PROBLEM TO WORK ON: In the reply, give back exactly the lines from the one with "인제군 한국119청소년단 단원 모집" through the last line of the records, without pictures.

(INPUT DATA Opens)

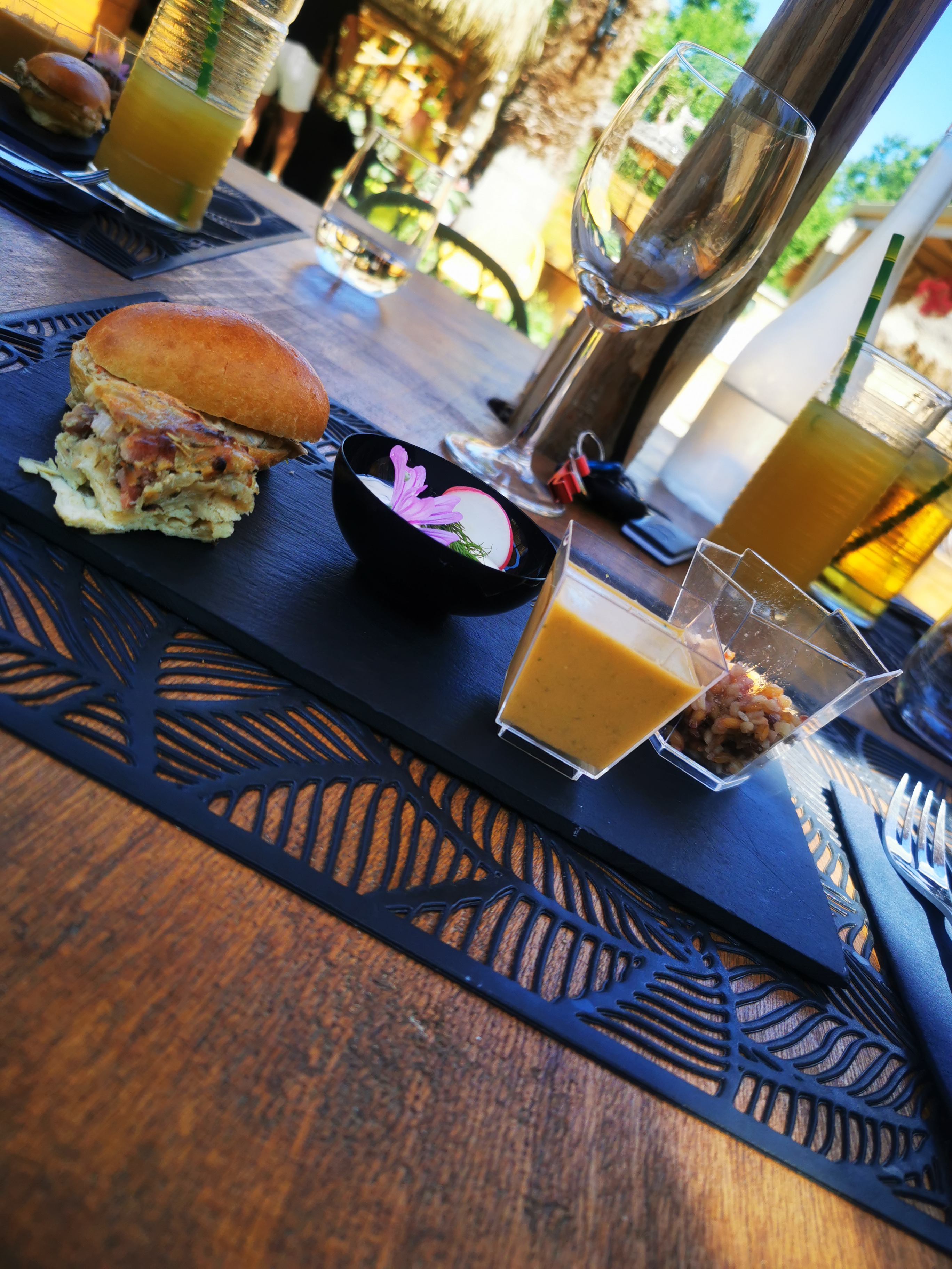 Le lieu est magique. Le personnel est super sympa. Pour les enfants il y a un espace jeu avec du sable, toboggan, escalade c'est parfait. Le punch maison est incroyable. Par contre le service était très très long. Avec des enfants en bas age il ne faut pas hesiter à demander à ce qu ils soient servis en premier avant les adultes car cela peut devenir ingérable. J'espere qu'ils trouveront le personnel supplémentaire pour diminuer les temps d'attente et que ce lieu devienne incontournable. Il nous tarde de decouvrir le brunch du dimanche quand il fera moins chaud. En tout cas c'est une tres belle decouverte et nous reviendrons.
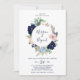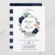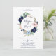Cette faire-part de mariage moderne à couronne florale nautique est parfaite pour une croisière ou un mariage sur la plage. Le design fantaisiste présente des fleurs d'aquarelle rose pâle et bleu marine aux accents d'étoile d'or, donnant une ambiance de plage.
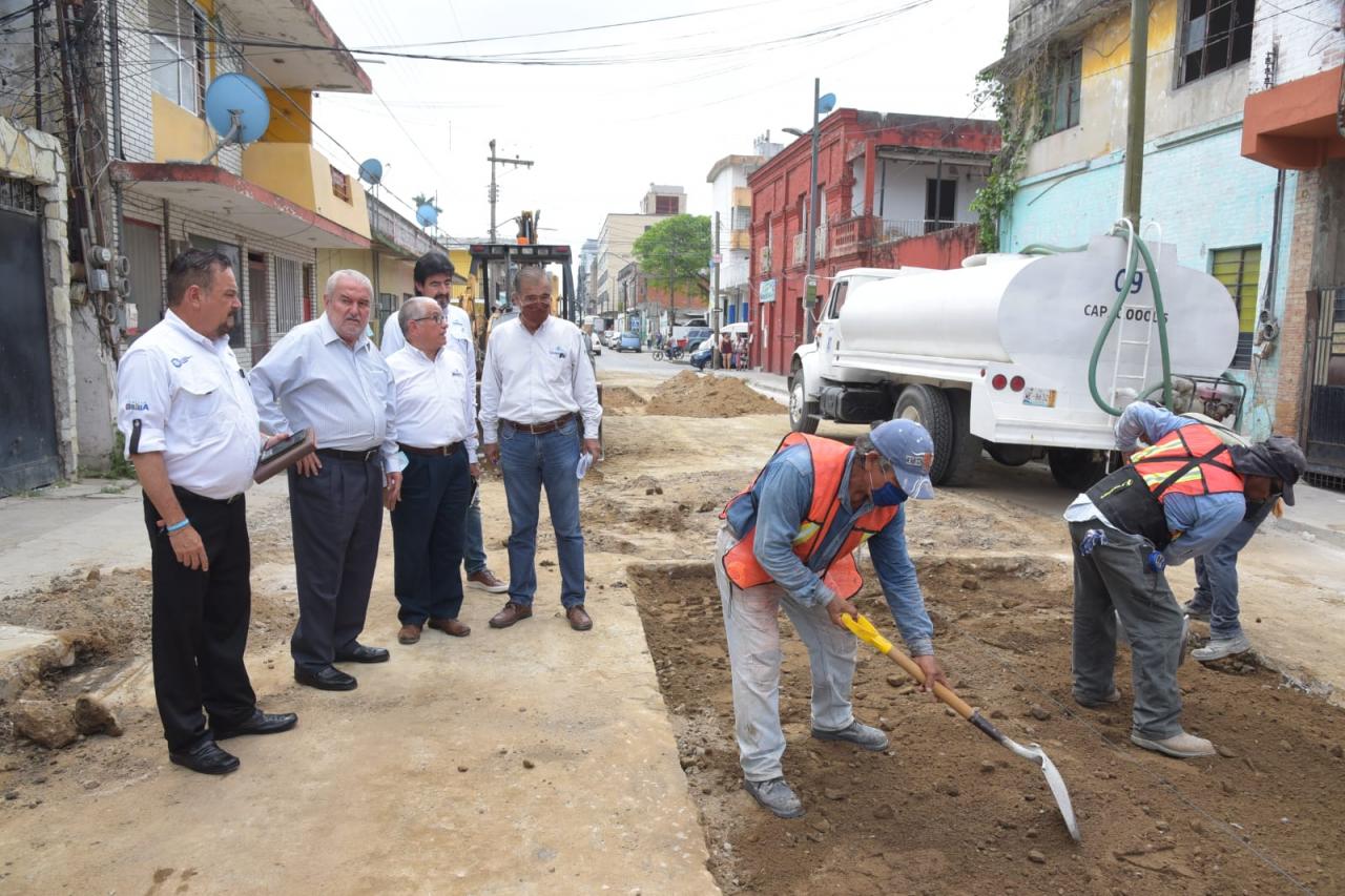 Alzaga Madaria estuvo en primer término en la calle Salvador Díaz Mirón de la zona centro donde se lleva a cabo la reposición del pavimento a base de concreto hidráulico, en el tramo comprendido entre las calles Dr. Carlos Canseco y Dr. Antonio Matienzo.
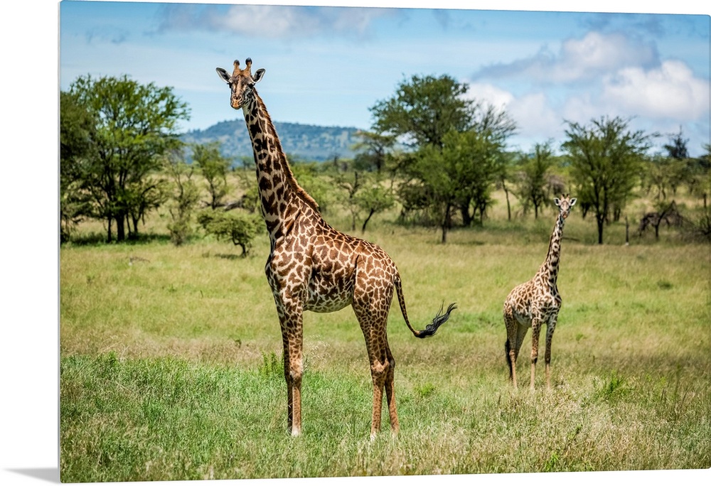 <p>Masai giraffe (giraffa camelopardalis tippelskirchii) stands with calf in savannah, Klein's camp, Serengeti national park, Tanzania.</p>
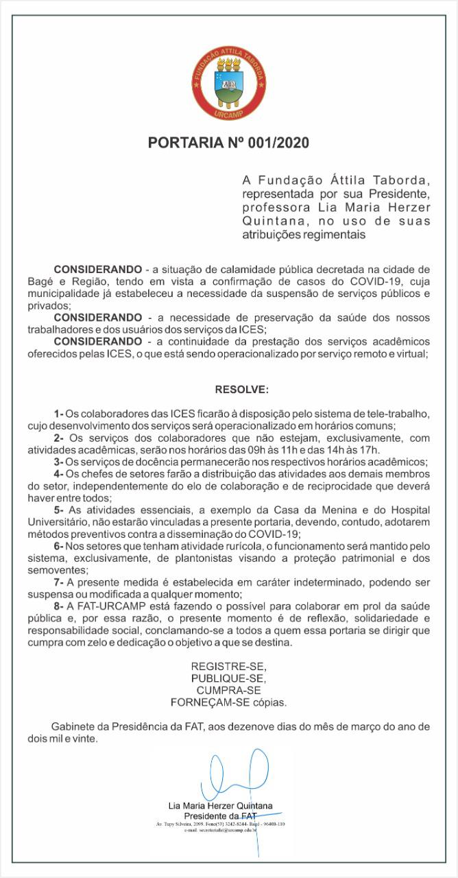 Portaria 001/2020
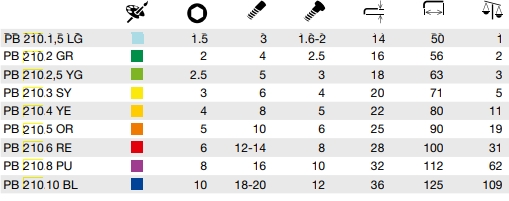 PB 210 RB RainBow key L-wrenches • for hexagon socket screws • chrome-plated and powder-coated, color coded by size, quick access to the right tool • precisely chamfered edges, ensures easy insertion into screws • special alloy based on spring steel, exceptional elasticity coupled with high grade hardening • laser-marked serial number, lifetime guarantee
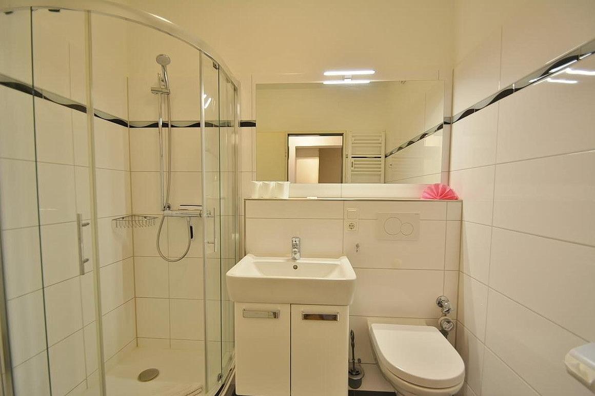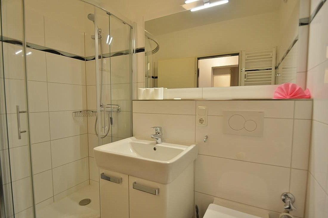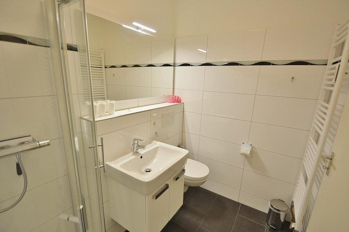 Modernes, renoviertes, hell gefliestes Bad mit Dusche, WC und Waschbecken.
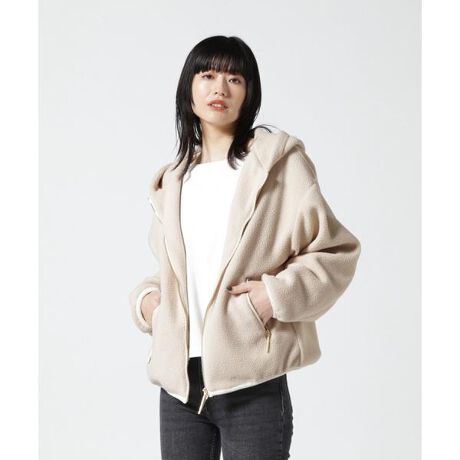 リサイクルポリエステル糸100%使用したフードタイプのボアブルゾン。アウトドアメーカーが使うのと同じ軽量で高い保温性を持つ高密度な機能素材を、アウターとしてもインナーとしてもよりロングシーズン着回せるようボリュームを抑え薄手に仕上げました。ポリエステルの裏地で、さらりとした着心地ながら保温性も一層アップ。オーバーサイズでカジュアル感の強いアイテムですが、華奢なシャンパンゴールドのスライダーでしっかりと女性らしさをプラスしています。
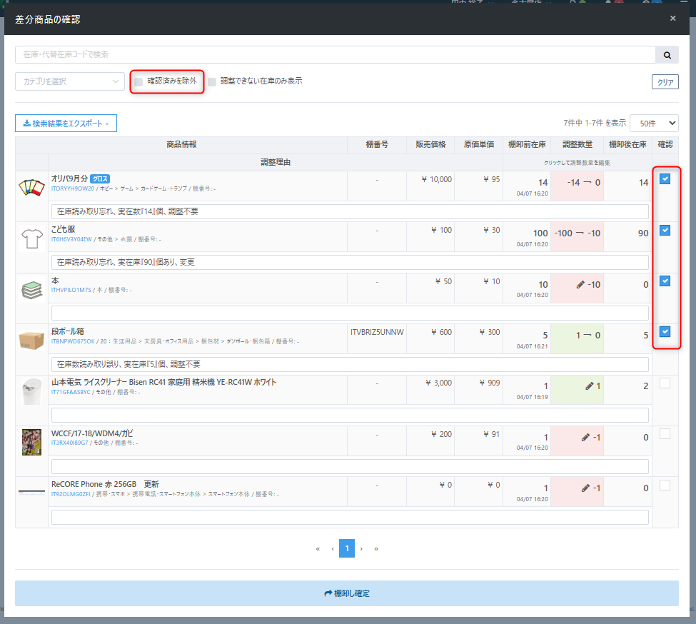 再確認した在庫は、【確認】ボックスにチェックを入れます。チェック後に【確認済を除外】をクリックすると、確認済の在庫が非表示となり、未確認分のみが表示されます。
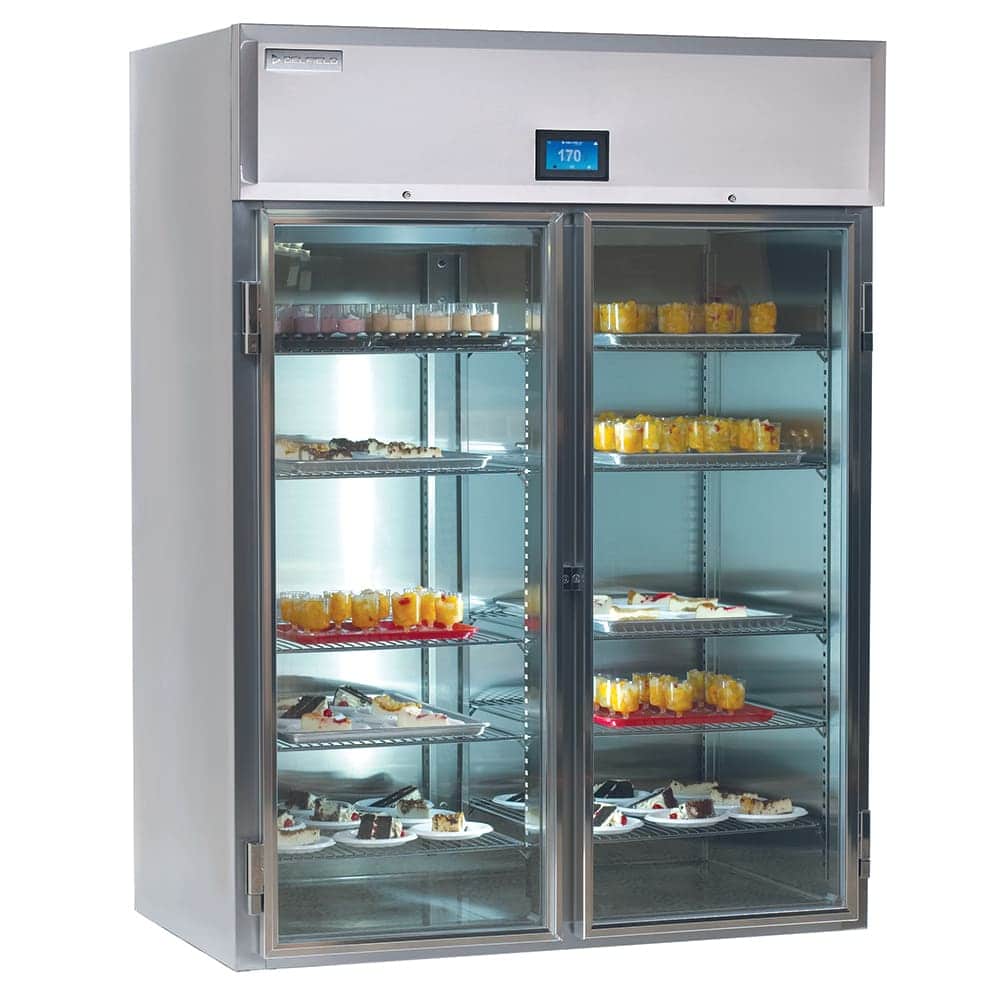 Specification Line Heated Cabinet, Roll-In, one-section, 37.0 cubic feet capacity, (1) full-height hinged glass door (locking), 4.3″ easyTouch screen temperature display/control with remote monitoring, incandescent interior lighting, 1″ tall stainless steel ramp, stainless steel exterior front, sides & interior, 208-240v/60/1-ph, 6.0 amps, NEMA 6-20P, NSF, cULus, ENERGY STAR
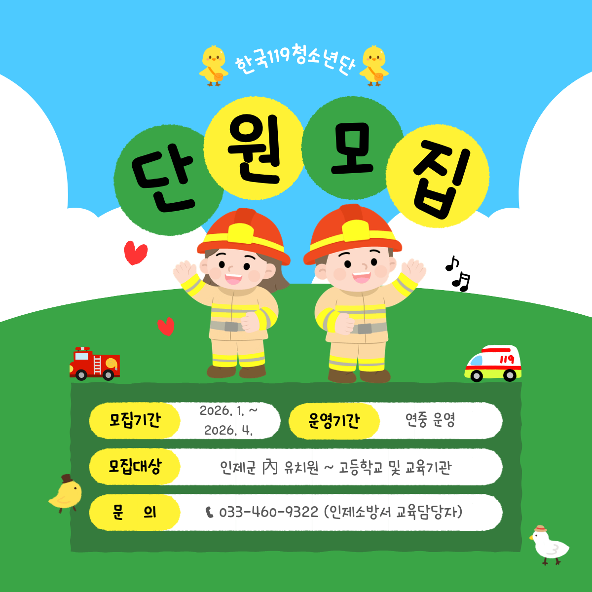 인제군 한국119청소년단 단원 모집
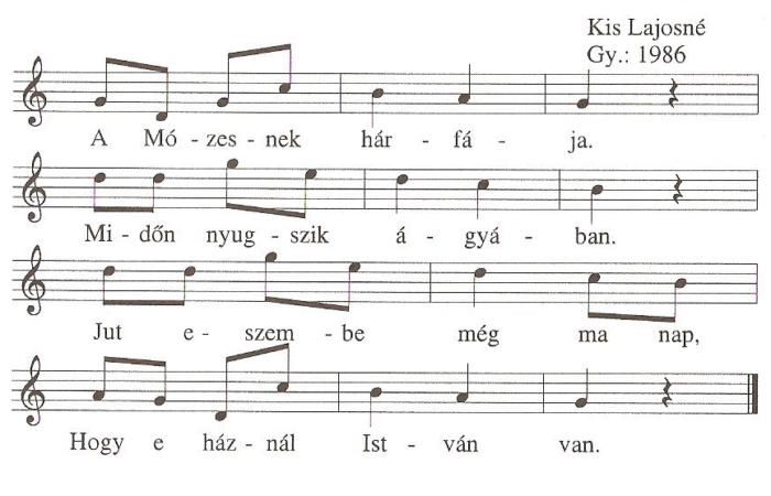 1. A Mózesnek hárfája.Midőn nyugszik ágyamban.Jut eszembe még ma nap,Hogy e háznál István van.2. Jöttünk hozzá most este.Köszöntsük egészséggel.Ha megérte...
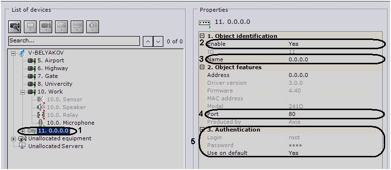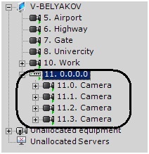 Configuration of IP server channels must be performed separately for each channel (with the help of child objects of Video camera).

(INPUT DATA Closes)

RESULT FOR THIS TASK:
 인제군 한국119청소년단 단원 모집
 1. A Mózesnek hárfája.Midőn nyugszik ágyamban.Jut eszembe még ma nap,Hogy e háznál István van.2. Jöttünk hozzá most este.Köszöntsük egészséggel.Ha megérte...
 Configuration of IP server channels must be performed separately for each channel (with the help of child objects of Video camera).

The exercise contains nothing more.